Obviously, an effective HA solution involves various hardware and software components that conspire to form a stable, working system. Assuming reliable hardware components with sufficient redundancy, how can an OS best remain stable and responsive when a particular component or application program fails? And in cases where redundant hardware may not be an option (e.g. consumer appliances), how can the OS itself support HA?
If you had to design an HA-capable OS from the ground up, would you start with a single executable environment? In this simple, high-performance design, all OS components, device drivers, applications, the works, would all run without memory protection in kernel mode.
On second thought, maybe such an OS wouldn't be suited for HA, simply because if a single software component were to fail, the entire system would crash. And if you wanted to add a software component or otherwise modify the HA system, you'd have to take the system out of service to do so. In other words, the conventional realtime executive architecture wasn't built with HA in mind.
Suppose, then, that you base your HA-enabled OS on a separation of kernel space and user space, so that all applications would run in user mode and enjoy memory protection. You'd even be able to upgrade an application without incurring any downtime.
So far so good, but what would happen if a device driver, filesystem manager, or other essential OS component were to crash? Or what if you needed to add a new driver to a live system?
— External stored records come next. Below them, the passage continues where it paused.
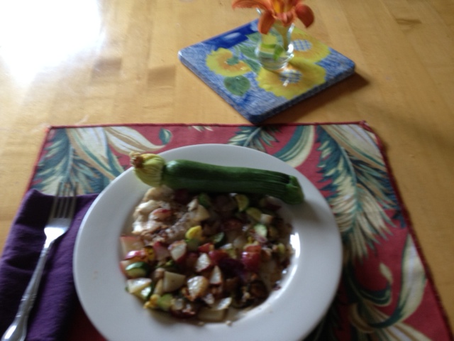 Tiny new red potatoes that could almost be eaten raw (maybe some folks do?), first tomatoes of the season, purple onions that glistened with freshness, and just-the-right-size zucchini. I’m told that squash blossoms are a delicacy. People go to Beech Hill Farm asking for just the blossoms. I was adventurous, sauteing one with my veggies for dinner. Edible, yes, but I’m not sure I’d call it a delicacy.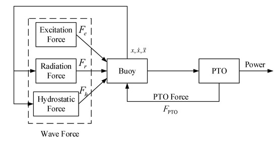 Therefore, the designed WEC system can be analyzed by the force analysis revealed in Figure 2. The WEC model mainly includes the following forces: wave excitation force fe, PTO force fPTO, radiation force fr caused by radiation waves, and hydrostatic force fh in waves.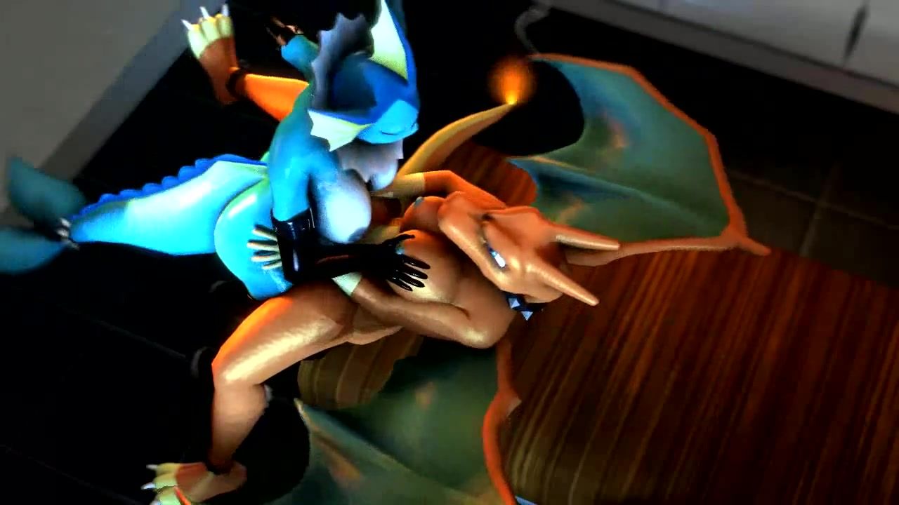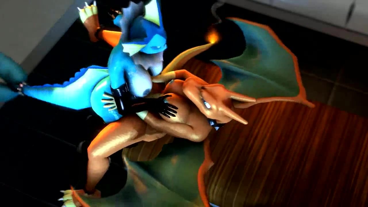 A sea pokemon with a futanari dick fucks a Chirizard on the table

You'd have to rebuild and restart the kernel. Based on such a monolithic kernel architecture, your HA system wouldn't be as available as it should be.
A true microkernel that provides full memory protection is inherently the most stable OS architecture. Very little code is running in kernel mode that could cause the kernel itself to fail. And individual processes, whether applications or OS services, can be started and stopped dynamically, without jeopardizing system uptime.
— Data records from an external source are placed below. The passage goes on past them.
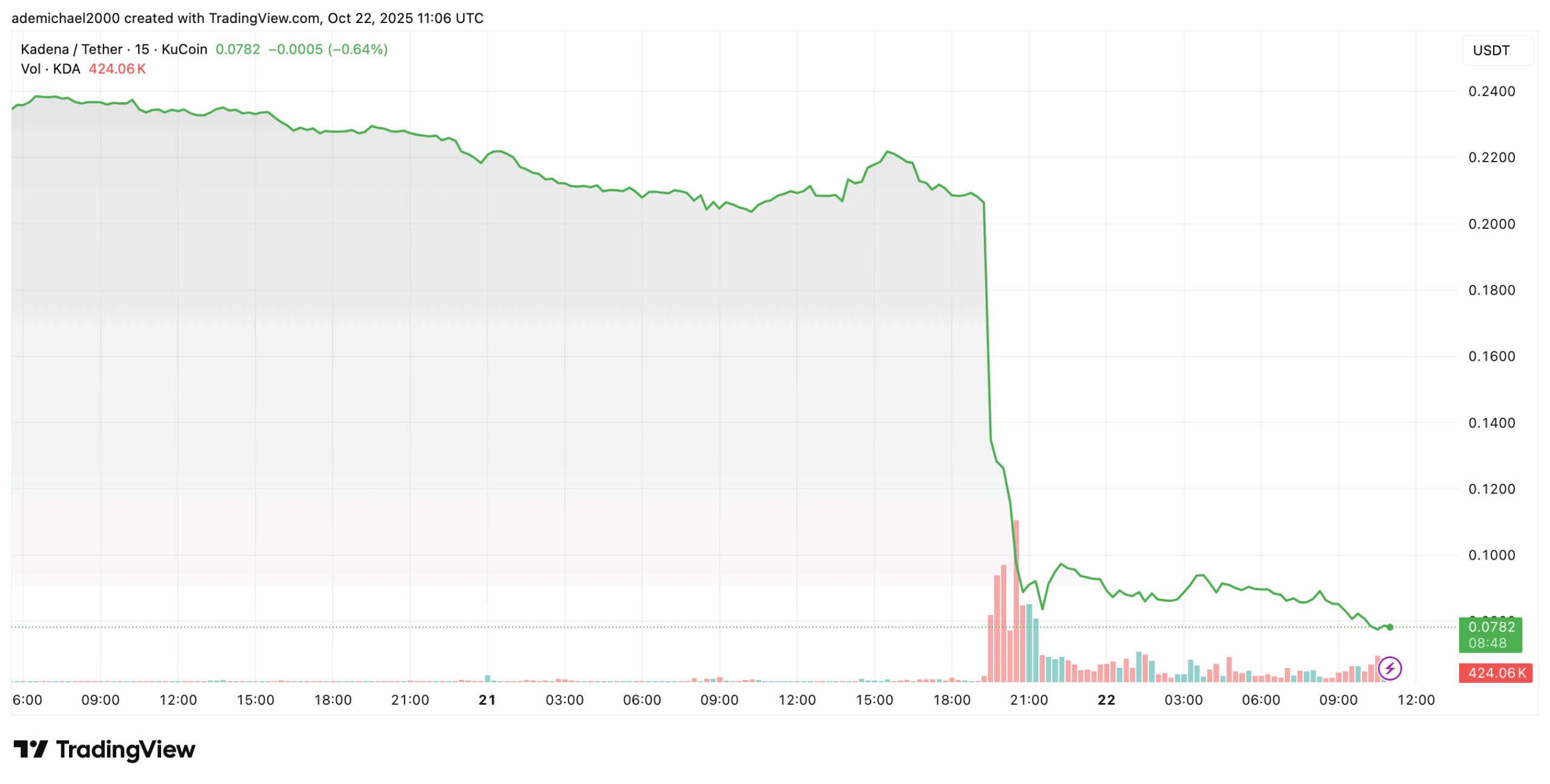 The Kadena token crash reflects years of declining traction. After reaching an all-time high of $27.64 in 2021, the KDA price has now collapsed by over 99%. The coin plunged to $0.089 in the past 24 hours, a 60% single-day drop following the shutdown announcement.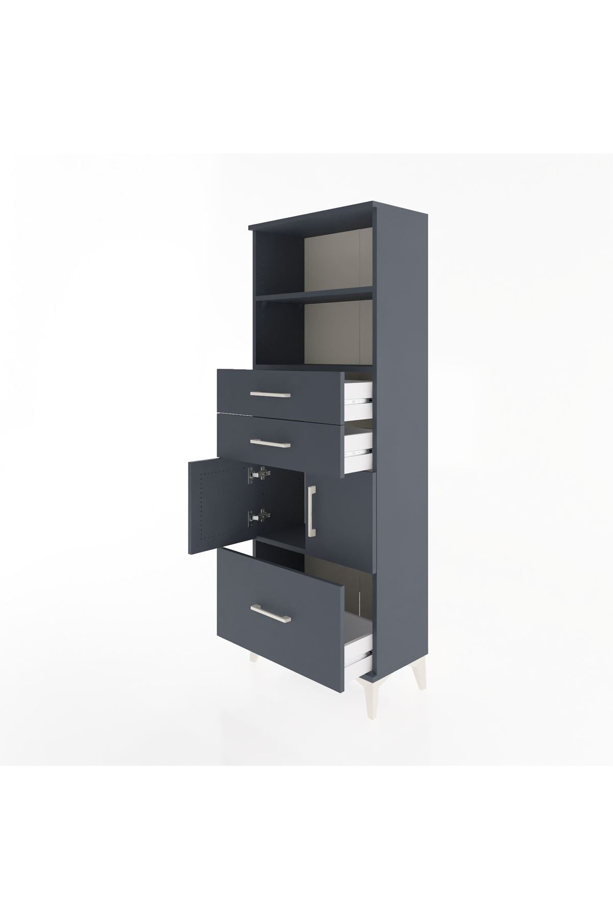 Arges Dolap 3 Raflı 3 Çekmeceli 2 Kapaklı 60x30x163 Antrasit-Antrasit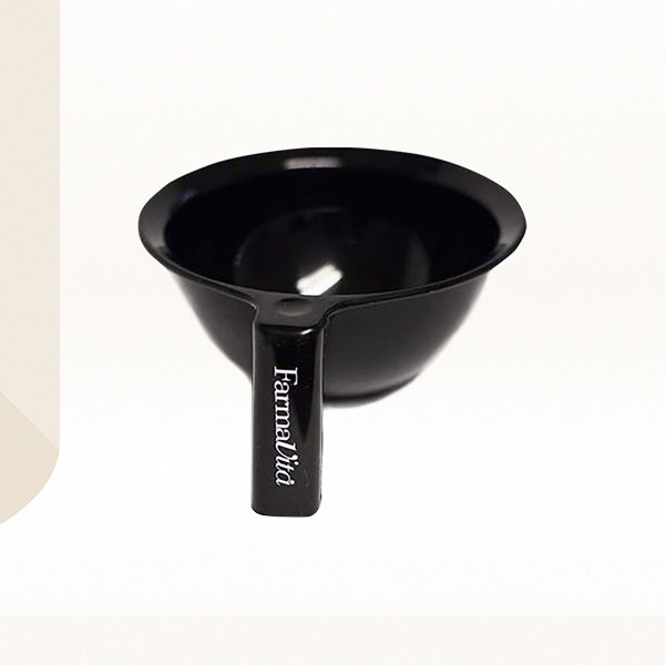FarmaVita crna posuda za farbanje izrađena je od čvrste plastike koja je pogodna za dugotrajnu upotrebu. Omogućava lako mešanje i nanošenje boje na kosu.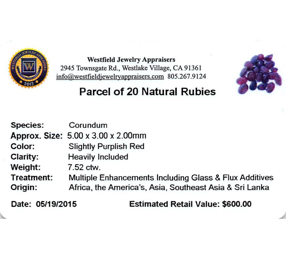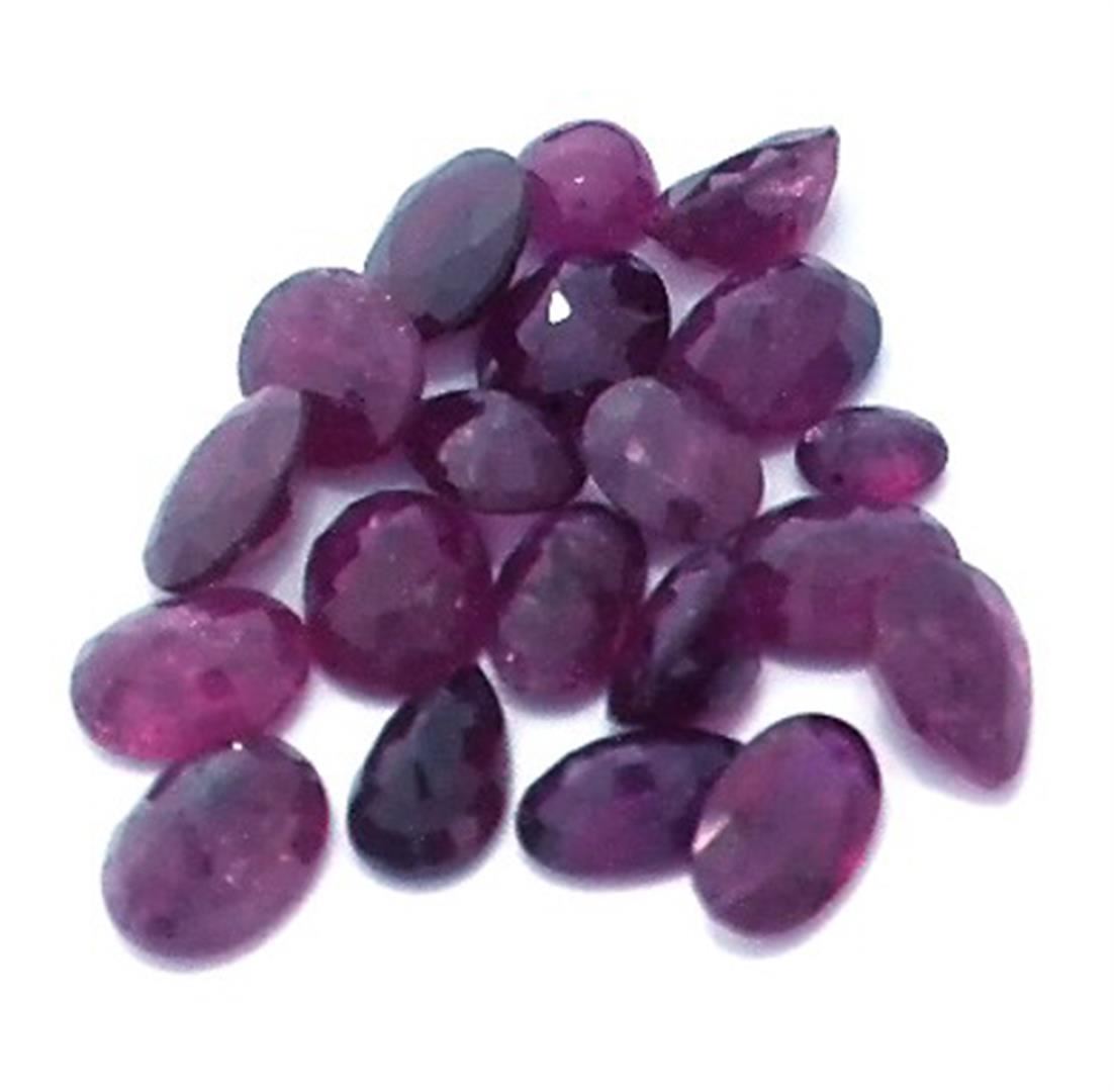 Twenty various shapes and sizes cut natural rubies, measuring 5.00 x 3.00 x 2.00mm, exact total weight 7.52ct., clarity is heavily included, type II, very dark, very slightly brownish, red color, (GIA R 8/3), cut is good. Measurements are an average for the group. Transmitting light somewhat diffusely, transparent to translucent. Naturally occurring internal & external characteristics are present. Indications of laboratory high temperature heat treatment, with glass & flux additives. Ruby has a low tolerance to rhodium plating, repolishing the surface, & ultrasonic cleaning. Westfield Appraised at $600.00.

QNX Neutrino inherently provides several key features that are well-suited for HA systems:
While any claims regarding “five nines” availability on the part of an OS must be viewed only in the context of the entire hardware/software HA system, one can always ask whether an OS truly has the appropriate underlying architecture capable of supporting HA.
Apart from its inherently robust architecture, Neutrino also provides several components to help developers simplify the task of building and maintaining effective HA systems:
While many operating systems provide HA support in a hardware-specific way (e.g. via PCI Hot Plug), QNX Neutrino isn't tied to PCI. Your particular HA system may be built on a custom chassis, in which case an OS that offers a PCI-based HA “solution” may not address your needs at all.
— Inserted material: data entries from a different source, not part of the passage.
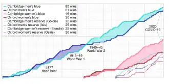 7. ^ a b c d "A brief history of the Oxford-Cambridge Varsity event – from the perspective of women". The Telegraph. 13 March 2015. Archived from the original on 15 April 2015. Retrieved 11 April 2015.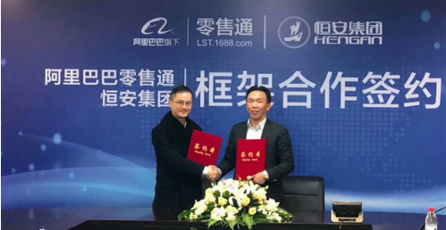 阿里巴巴集团副总裁、零售通事业部总经理林小海(左)与红蓝集团运营中心总裁许水深(右)签订战略合作协议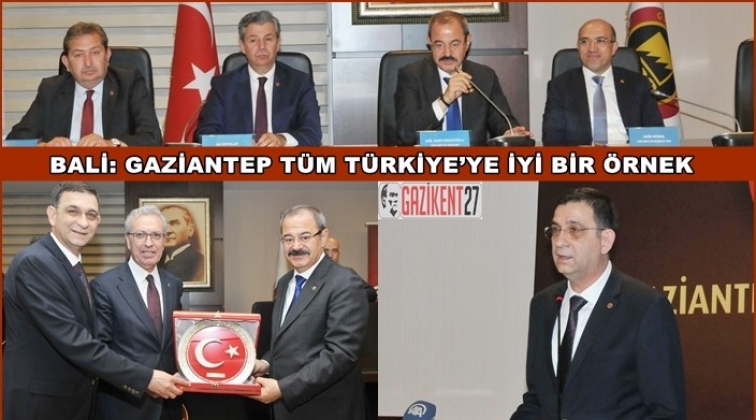 Gaziantep'in sıkıntılı dönemlerde moral düzelten bir kent olduğunu vurgulayan Bali, “Böyle dönemlerde üreten, satan, ticaret yapan yerlerle daha fazla iç içe olmak gerektiği kanaatindeyim. Burada o enerjiyi görüyorum. Şu anda yaşadığımız hadiseden çıkış, büyük ölçüde ihracat, döviz kazandırıcı faaliyetler ve dış talebe hitap eden katma değerli üretimle olacak. Bunun adreslerinden biri Gaziantep’tir. Sanayinin üretimden aldığı pay Türkiye genelinde yüzde 30'lu seviyelerde, Gaziantep'te yüzde 42'nin üzerinde. Bu fark, şehrin üretme potansiyelini ortaya koyuyor” şeklinde konuştu.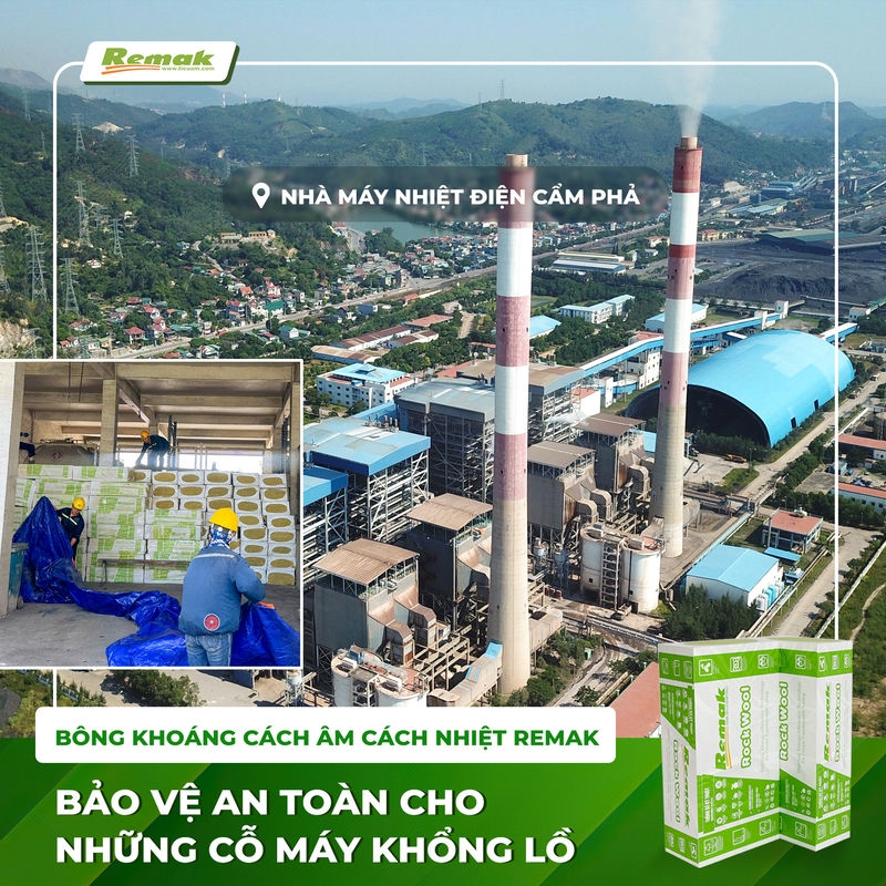 Khám phá lý do bông khoáng Remak được chọn cho Nhà máy Nhiệt điện Cẩm Phả – giải pháp cách âm, cách nhiệt và chống cháy hiệu quả cho hệ thống lò hơi, turbine và đường ống công nghiệp.

QNX Software Systems is an actively contributing member of the Service Availability Forum (www.saforum.org), an industry body dedicated to developing open, industry-standard specifications for building HA systems. |
The HA client-side library provides a drop-in enhancement solution for many standard C Library I/O operations. The HA library's cover functions allow for automatic and transparent recovery mechanisms for failed connections that can be recovered from in an HA scenario. Note that the HA library is both thread-safe and cancellation-safe.
The main principle of the client library is to provide drop-in replacements for all the message-delivery functions (i.e. MsgSend*). A client can select which particular connections it would like to make highly available, thereby allowing all other connections to operate as ordinary connections (i.e. in a non-HA environment).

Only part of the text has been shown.